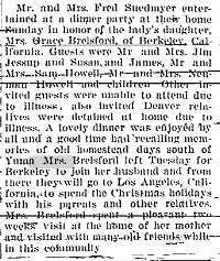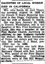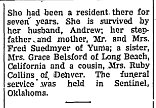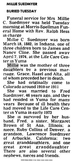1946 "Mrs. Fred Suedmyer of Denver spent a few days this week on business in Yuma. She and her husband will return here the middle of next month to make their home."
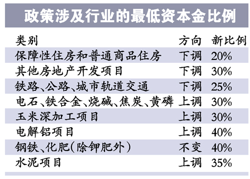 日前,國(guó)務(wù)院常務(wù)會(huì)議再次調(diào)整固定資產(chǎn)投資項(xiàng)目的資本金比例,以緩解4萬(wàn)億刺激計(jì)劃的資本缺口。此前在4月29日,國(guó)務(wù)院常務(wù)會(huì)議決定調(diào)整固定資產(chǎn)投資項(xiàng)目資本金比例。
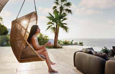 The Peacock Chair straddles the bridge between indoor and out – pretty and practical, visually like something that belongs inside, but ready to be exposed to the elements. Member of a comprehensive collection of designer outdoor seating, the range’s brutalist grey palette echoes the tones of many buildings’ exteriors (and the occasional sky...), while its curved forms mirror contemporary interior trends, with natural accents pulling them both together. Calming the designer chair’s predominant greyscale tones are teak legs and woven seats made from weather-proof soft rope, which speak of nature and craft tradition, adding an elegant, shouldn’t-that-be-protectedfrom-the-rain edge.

--

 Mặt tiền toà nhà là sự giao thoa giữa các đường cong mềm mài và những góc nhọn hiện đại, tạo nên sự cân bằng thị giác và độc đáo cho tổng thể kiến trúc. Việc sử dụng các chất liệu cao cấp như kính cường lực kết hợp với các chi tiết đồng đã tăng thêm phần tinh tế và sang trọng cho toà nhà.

* * *

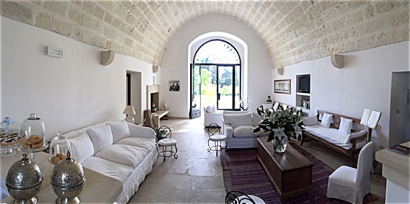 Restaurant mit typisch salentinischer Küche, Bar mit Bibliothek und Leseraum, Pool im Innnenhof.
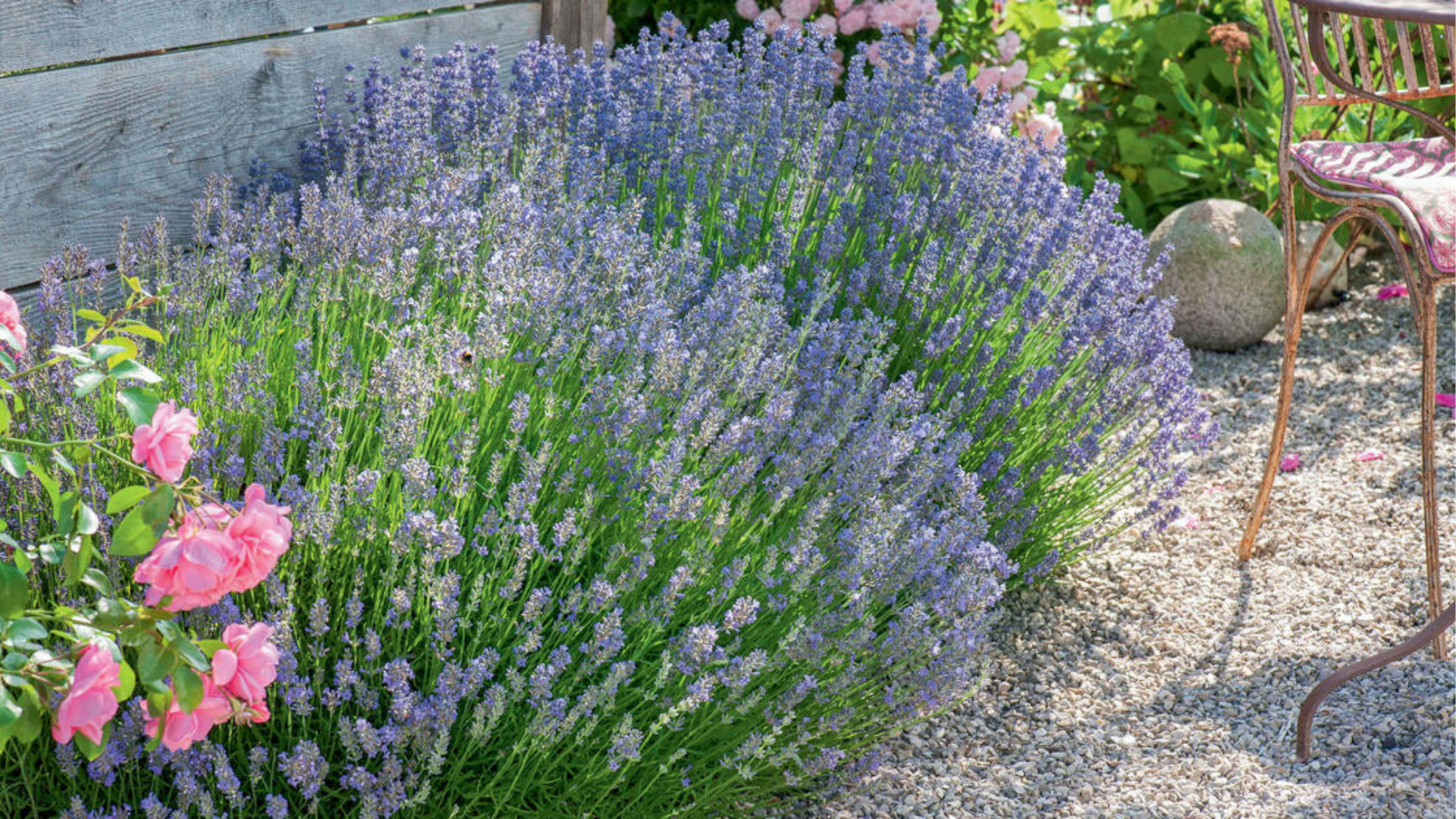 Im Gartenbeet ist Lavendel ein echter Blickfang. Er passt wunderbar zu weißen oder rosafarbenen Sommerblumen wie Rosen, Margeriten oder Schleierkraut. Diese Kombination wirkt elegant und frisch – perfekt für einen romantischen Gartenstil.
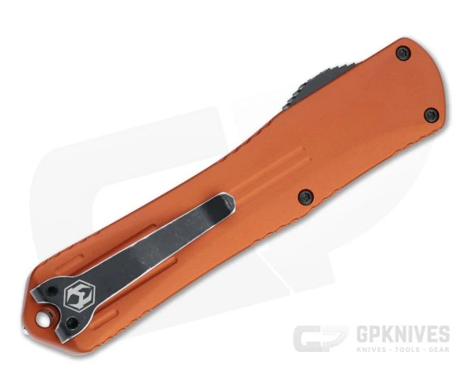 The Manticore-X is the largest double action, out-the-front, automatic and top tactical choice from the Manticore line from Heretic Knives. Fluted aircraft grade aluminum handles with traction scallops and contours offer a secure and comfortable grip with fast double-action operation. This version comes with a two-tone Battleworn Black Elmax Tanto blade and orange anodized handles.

▸ Task to carry out
Please set down, exactly and with no pictures, the lines in the entries above starting at the one holding "Restaurant mit typisch" and ending at the one holding "The Manticore-X is", ends included.

▸ Result for this exercise
 Restaurant mit typisch salentinischer Küche, Bar mit Bibliothek und Leseraum, Pool im Innnenhof.
 Im Gartenbeet ist Lavendel ein echter Blickfang. Er passt wunderbar zu weißen oder rosafarbenen Sommerblumen wie Rosen, Margeriten oder Schleierkraut. Diese Kombination wirkt elegant und frisch – perfekt für einen romantischen Gartenstil.
 The Manticore-X is the largest double action, out-the-front, automatic and top tactical choice from the Manticore line from Heretic Knives. Fluted aircraft grade aluminum handles with traction scallops and contours offer a secure and comfortable grip with fast double-action operation. This version comes with a two-tone Battleworn Black Elmax Tanto blade and orange anodized handles.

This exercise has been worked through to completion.